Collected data
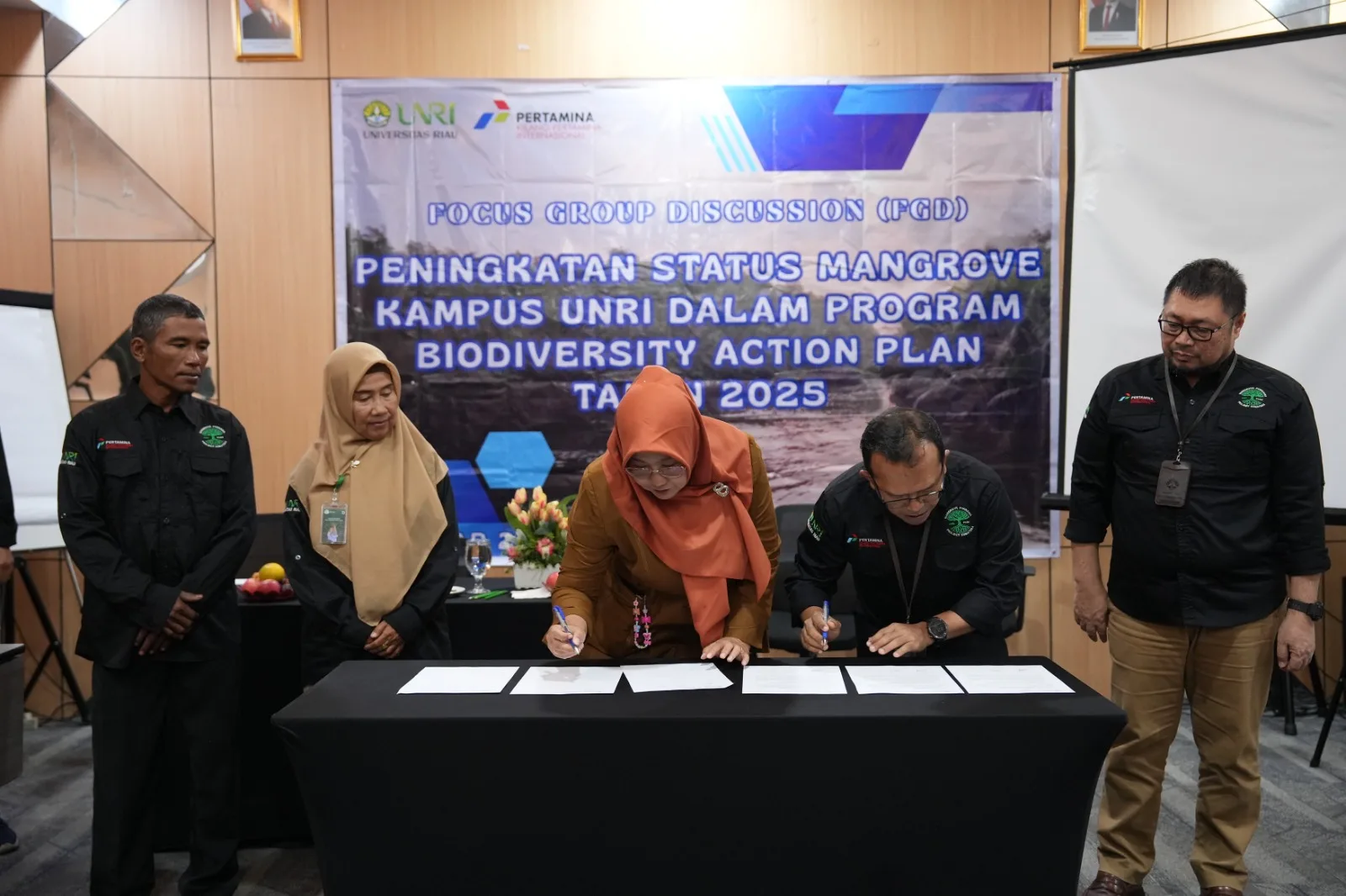 DUMAI (MDC) — PT Kilang Pertamina Internasional (PT KPI) melalui R&P Project Sumatera berkolaborasi dengan Universitas Riau (Unri) menggelar Focus Group Discussion (FGD) bersama para pemangku kepentingan di Kota Dumai dan Provinsi Riau untuk membahas pengembangan kawasan konservasi mangrove di Kampus Unri Purnama Dumai menjadi “Mangrove Eco-Edu Park”.
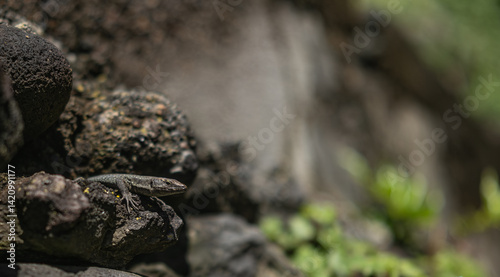 azores, portugal, lizzard, reptile, nature, wilderness, close-up view, bokeh, sun, sunlight, shadow, rough, texture, natural, game, alert, calm, undisturbed, tropical, semitropical, island, animal, wild animal, mediterranean, cliff, rock, structure, camouflage, grey, black, green, ecru, ease
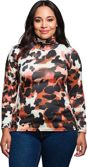Turn heads with this bold and modern mock neck plus size top featuring a striking and black animal print. Designed with long sleeves and a fitted silhouette, this piece pairs effortlessly with jeans, skirts, or trousers for both casual and dressed up looks. The soft, stretchy fabric ensures comfort all day while keeping your style sleek and polished.
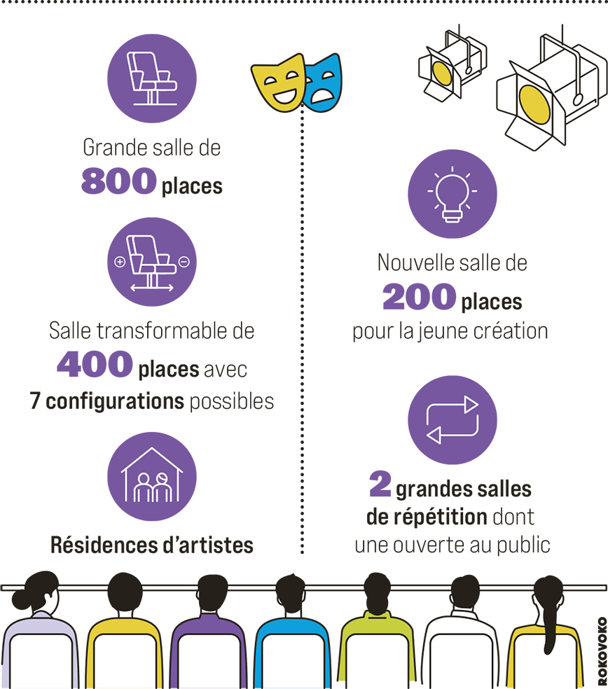Absolument requise, la mise aux normes du théâtre quinquagénaire a eu lieu comme promis. Des extérieurs aux salles, les lieux ont été rendus accessibles aux personnes à mobilité réduite ; tandis que la réfection de l’isolation, du chauffage et de la ventilation limite l’impact de l’agrandissement du bâtiment qui reste toutefois « compact ». « Nous sommes intervenus sur des secteurs très ciblés, le hall et l’extension (qui abrite, outre la petite salle, l’un des deux studios de répétition, des bureaux et des résidences d’artistes, NDLR) pour ne pas multiplier les linéaires de façade », dit Guillaume Barbaroux.
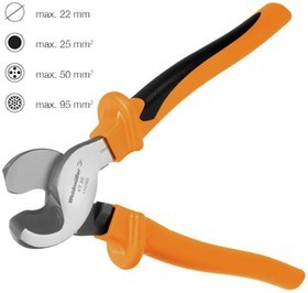 Инструмент предназначен для резки медных и алюминиевых проводников. Не подходит для стальных проводов, кабелей, армированных сталью, алюминиевых сплавов и холоднотянутых медных проводников!

#### What is expected
Repeat, with no pictures, every line from the top of the entries above through the line that has "azores, portugal, lizzard, reptile, nature, wilderness, close-up", keeping each one exact.

#### Completed exercise
 DUMAI (MDC) — PT Kilang Pertamina Internasional (PT KPI) melalui R&P Project Sumatera berkolaborasi dengan Universitas Riau (Unri) menggelar Focus Group Discussion (FGD) bersama para pemangku kepentingan di Kota Dumai dan Provinsi Riau untuk membahas pengembangan kawasan konservasi mangrove di Kampus Unri Purnama Dumai menjadi “Mangrove Eco-Edu Park”.
 azores, portugal, lizzard, reptile, nature, wilderness, close-up view, bokeh, sun, sunlight, shadow, rough, texture, natural, game, alert, calm, undisturbed, tropical, semitropical, island, animal, wild animal, mediterranean, cliff, rock, structure, camouflage, grey, black, green, ecru, ease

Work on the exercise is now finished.